[The records]
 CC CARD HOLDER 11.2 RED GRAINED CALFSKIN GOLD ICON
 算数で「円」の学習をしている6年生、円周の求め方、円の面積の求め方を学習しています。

* * *

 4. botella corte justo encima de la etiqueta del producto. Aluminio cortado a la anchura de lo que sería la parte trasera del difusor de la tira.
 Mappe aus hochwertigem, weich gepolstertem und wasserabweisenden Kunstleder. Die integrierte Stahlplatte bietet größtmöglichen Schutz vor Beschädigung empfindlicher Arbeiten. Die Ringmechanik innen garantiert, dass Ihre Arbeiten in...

[Exercise details] Whatever else the listing above holds, retype exactly only the lines from the one containing "4. botella corte" to the one containing "Mappe aus hochwertigem, weich", both ends kept.

[Task solution]
 4. botella corte justo encima de la etiqueta del producto. Aluminio cortado a la anchura de lo que sería la parte trasera del difusor de la tira.
 Mappe aus hochwertigem, weich gepolstertem und wasserabweisenden Kunstleder. Die integrierte Stahlplatte bietet größtmöglichen Schutz vor Beschädigung empfindlicher Arbeiten. Die Ringmechanik innen garantiert, dass Ihre Arbeiten in...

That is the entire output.